__Information provided__
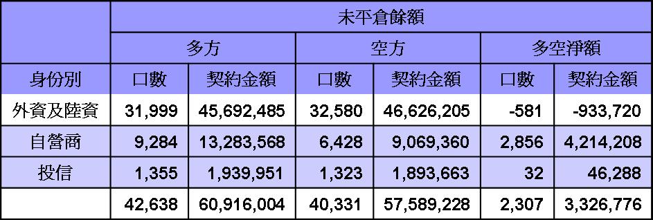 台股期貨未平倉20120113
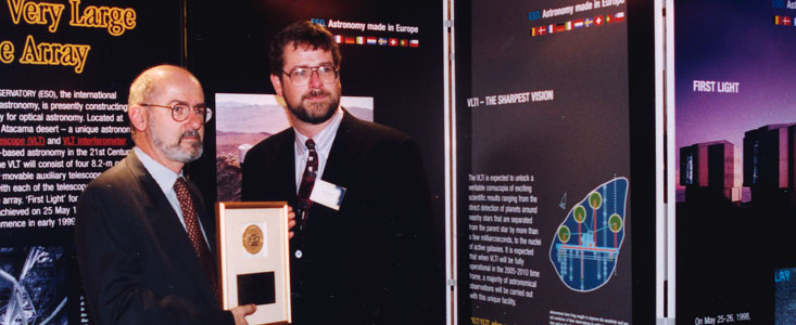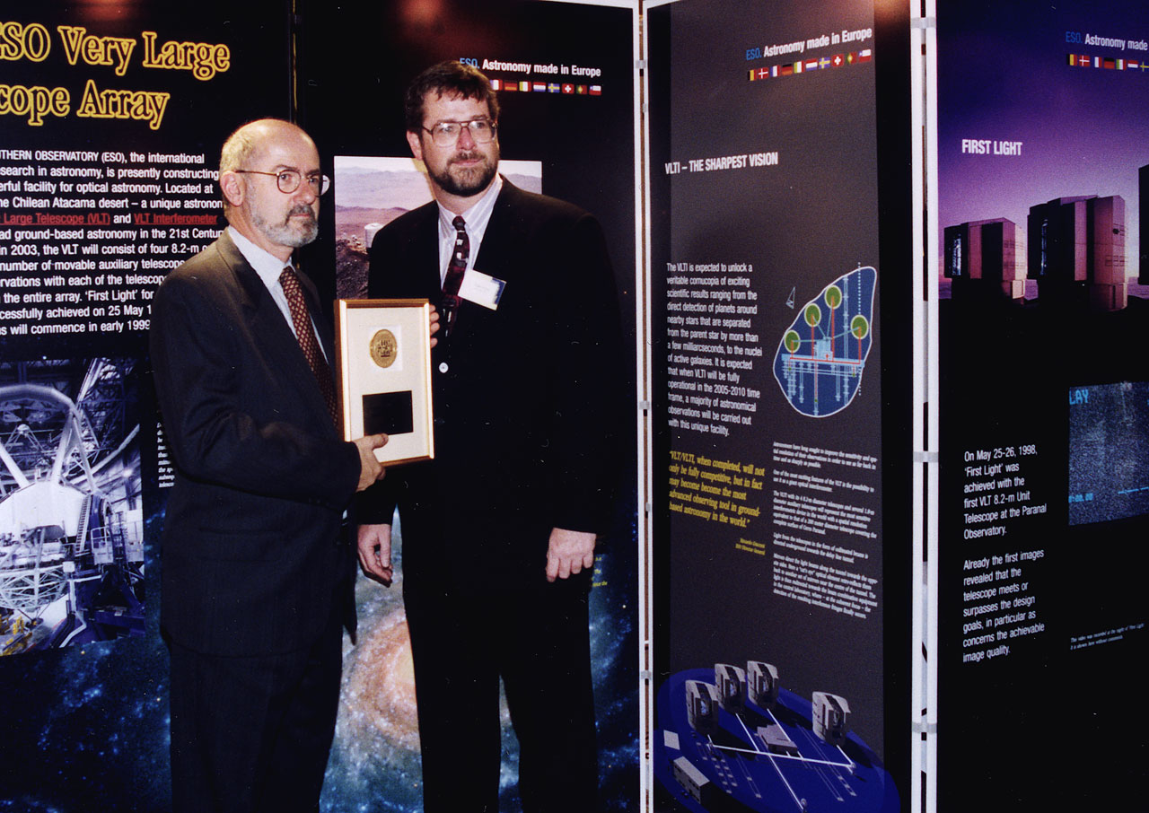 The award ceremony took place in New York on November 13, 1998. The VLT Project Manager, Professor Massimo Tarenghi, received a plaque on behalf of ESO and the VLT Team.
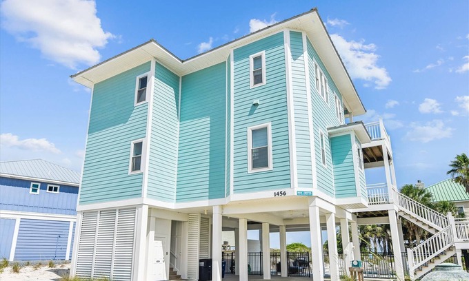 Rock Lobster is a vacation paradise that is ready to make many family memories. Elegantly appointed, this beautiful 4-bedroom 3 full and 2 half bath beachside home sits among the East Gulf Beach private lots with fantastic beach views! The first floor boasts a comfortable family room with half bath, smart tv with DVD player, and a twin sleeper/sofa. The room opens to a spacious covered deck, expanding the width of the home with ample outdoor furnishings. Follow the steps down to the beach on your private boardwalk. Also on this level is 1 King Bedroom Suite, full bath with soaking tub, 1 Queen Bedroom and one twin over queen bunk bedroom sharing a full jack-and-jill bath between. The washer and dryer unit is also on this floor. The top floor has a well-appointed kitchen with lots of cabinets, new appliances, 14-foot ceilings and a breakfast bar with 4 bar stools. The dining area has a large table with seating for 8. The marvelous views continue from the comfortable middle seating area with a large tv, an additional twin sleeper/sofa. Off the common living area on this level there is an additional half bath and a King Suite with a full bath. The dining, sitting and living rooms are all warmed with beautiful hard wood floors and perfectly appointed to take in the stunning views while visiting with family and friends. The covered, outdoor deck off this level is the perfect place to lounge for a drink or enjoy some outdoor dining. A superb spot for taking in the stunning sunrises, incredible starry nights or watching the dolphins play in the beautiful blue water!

__Task__
Give back the lines word for word, from the very first in the material above to the one that has "The award ceremony", both included, without the pictures.

__Output for this exercise__
 台股期貨未平倉20120113
 The award ceremony took place in New York on November 13, 1998. The VLT Project Manager, Professor Massimo Tarenghi, received a plaque on behalf of ESO and the VLT Team.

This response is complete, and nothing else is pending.